My heart sank when I first heard about the New York City art project known as “The Gates.” One thousand workers were to put up 7,500 gates along the paths in Central Park and drape saffron-colored fabric from each one. I wasn’t reacting to the art. In fact, I hadn’t even decided if the project should be considered art. What depressed me was thinking about how it was funded.
I assumed that tax money was involved, and that casts a shadow. The problem is that taxes are funds taken by force and the threat of force; it’s always disappointing to see any project, even the noblest, founded on coercion.

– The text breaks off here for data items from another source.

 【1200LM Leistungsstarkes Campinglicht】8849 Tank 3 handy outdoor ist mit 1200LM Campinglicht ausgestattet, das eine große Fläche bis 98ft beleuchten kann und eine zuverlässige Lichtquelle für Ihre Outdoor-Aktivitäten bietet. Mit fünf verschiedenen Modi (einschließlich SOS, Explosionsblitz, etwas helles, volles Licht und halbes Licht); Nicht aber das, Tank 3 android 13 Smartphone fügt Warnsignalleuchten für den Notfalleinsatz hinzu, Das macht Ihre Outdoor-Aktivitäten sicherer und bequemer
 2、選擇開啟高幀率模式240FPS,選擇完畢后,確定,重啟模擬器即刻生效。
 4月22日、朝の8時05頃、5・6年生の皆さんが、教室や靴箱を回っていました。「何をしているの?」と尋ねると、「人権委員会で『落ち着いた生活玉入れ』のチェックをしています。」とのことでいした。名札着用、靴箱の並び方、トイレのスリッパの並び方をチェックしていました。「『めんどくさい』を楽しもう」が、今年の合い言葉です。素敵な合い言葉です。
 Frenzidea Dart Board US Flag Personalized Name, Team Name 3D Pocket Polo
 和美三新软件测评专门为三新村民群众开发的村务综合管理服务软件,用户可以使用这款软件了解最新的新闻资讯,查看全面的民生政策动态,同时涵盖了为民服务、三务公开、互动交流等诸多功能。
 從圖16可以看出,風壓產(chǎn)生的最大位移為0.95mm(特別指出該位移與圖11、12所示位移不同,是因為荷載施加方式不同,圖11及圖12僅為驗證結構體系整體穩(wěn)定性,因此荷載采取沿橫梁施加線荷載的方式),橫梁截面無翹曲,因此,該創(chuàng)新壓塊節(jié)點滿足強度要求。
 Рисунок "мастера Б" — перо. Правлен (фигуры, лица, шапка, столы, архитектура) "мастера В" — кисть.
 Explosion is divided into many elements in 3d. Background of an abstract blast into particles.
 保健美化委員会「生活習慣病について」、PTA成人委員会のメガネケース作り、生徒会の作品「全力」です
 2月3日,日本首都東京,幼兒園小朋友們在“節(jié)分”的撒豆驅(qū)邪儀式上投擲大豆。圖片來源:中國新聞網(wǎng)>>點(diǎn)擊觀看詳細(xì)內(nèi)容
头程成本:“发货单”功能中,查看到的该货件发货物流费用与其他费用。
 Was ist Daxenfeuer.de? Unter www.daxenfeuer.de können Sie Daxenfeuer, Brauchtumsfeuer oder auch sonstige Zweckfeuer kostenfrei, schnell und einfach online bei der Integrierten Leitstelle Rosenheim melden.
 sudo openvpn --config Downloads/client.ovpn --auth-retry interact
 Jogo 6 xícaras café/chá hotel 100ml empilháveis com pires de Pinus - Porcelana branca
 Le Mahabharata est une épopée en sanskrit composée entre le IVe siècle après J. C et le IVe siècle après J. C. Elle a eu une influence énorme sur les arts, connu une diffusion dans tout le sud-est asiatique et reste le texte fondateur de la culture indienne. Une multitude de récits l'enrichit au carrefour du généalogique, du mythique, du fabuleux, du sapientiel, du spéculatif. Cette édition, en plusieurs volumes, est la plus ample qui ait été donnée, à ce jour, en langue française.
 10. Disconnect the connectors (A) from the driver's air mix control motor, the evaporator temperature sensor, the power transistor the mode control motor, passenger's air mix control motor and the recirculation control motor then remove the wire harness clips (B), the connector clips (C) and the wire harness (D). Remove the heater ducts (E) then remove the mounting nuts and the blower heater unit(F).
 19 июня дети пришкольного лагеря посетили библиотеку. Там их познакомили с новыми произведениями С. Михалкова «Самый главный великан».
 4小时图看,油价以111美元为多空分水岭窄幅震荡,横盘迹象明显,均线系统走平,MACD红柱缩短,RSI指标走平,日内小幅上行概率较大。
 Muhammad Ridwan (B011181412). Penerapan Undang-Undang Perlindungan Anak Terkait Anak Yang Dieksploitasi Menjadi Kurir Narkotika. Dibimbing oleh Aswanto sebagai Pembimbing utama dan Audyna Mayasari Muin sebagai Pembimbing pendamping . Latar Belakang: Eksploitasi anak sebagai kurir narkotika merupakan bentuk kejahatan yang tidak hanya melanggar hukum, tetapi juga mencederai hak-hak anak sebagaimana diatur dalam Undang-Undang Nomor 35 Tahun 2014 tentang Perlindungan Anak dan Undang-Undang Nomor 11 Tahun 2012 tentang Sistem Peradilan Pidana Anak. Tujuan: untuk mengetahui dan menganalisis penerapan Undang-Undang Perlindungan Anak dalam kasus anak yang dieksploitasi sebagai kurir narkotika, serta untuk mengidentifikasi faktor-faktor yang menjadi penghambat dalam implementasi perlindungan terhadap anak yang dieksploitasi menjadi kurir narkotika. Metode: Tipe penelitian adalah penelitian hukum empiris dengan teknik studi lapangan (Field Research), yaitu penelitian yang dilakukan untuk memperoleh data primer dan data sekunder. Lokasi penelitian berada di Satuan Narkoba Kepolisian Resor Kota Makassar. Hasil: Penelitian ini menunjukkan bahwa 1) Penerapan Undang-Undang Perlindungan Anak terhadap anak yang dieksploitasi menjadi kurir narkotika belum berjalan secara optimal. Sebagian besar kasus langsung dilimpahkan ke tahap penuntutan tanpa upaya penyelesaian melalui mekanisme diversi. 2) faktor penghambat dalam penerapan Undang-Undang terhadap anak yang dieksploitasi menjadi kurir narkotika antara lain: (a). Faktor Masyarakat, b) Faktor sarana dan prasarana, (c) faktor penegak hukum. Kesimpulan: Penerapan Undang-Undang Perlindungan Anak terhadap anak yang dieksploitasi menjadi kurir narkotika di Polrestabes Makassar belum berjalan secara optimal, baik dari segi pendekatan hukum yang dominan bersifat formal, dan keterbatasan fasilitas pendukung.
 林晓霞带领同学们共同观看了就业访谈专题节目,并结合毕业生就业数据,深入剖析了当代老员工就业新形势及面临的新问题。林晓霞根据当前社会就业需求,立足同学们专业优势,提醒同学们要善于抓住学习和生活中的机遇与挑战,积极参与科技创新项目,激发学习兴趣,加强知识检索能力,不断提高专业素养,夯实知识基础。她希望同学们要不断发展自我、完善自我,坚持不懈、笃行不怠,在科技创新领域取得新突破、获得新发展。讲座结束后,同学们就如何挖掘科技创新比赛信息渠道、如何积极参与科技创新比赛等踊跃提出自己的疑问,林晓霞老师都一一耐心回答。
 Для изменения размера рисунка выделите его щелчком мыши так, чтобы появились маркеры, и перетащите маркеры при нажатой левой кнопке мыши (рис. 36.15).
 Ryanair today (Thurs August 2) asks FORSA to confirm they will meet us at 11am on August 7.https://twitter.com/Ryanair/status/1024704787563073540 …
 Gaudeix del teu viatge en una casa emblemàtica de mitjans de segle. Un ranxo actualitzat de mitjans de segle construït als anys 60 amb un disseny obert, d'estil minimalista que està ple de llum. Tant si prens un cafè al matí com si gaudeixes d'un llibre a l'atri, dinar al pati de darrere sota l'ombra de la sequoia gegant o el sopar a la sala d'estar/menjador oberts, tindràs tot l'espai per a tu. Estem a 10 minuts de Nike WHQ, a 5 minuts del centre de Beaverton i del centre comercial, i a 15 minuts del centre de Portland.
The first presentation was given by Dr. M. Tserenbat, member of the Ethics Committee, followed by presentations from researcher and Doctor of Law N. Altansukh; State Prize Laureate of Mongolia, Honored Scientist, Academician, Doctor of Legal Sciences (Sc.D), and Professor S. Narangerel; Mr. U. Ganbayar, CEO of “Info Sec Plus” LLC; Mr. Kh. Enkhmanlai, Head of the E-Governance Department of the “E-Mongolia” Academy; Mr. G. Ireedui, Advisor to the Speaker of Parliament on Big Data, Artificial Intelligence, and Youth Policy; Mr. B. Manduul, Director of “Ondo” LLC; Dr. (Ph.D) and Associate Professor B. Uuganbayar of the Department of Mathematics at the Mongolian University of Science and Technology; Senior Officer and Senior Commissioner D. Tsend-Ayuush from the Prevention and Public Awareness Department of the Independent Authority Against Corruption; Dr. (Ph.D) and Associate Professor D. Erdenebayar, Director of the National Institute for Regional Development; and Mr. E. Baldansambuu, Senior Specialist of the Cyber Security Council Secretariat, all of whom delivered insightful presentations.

But this was not the case. To my surprise, I learned that the $21 million cost of “The Gates” was being entirely paid by the artists, who go by the names of Christo and Jeanne-Claude. This isn’t their first large-scale “environmental” art project. They’ve done 18 such works, including the “Valley Curtain” in Rifle, Colorado; “Surrounded Islands” in Biscayne Bay, Florida; and “The Pont Neuf Wrapped” in Paris. And none of them were tax funded! In each case, they earned the money by selling preparatory drawings of the proposed environmental art—at prices ranging from $30,000 to $600,000—and selling other of their artwork.
It’s not just government money that Christo and Jeanne-Claude reject. They refuse any funds that might compromise their artistic independence. They don’t take grants from foundations or businesses. And they don’t take money from books, posters, films, or videos of the projects after they are completed. They feel that if they had post-production sales in mind when they were creating a piece, that could influence their art. With “The Gates,” they have turned over post-production rights and royalties to two nonprofits, Nurture New York’s Nature and the Central Park Conservancy.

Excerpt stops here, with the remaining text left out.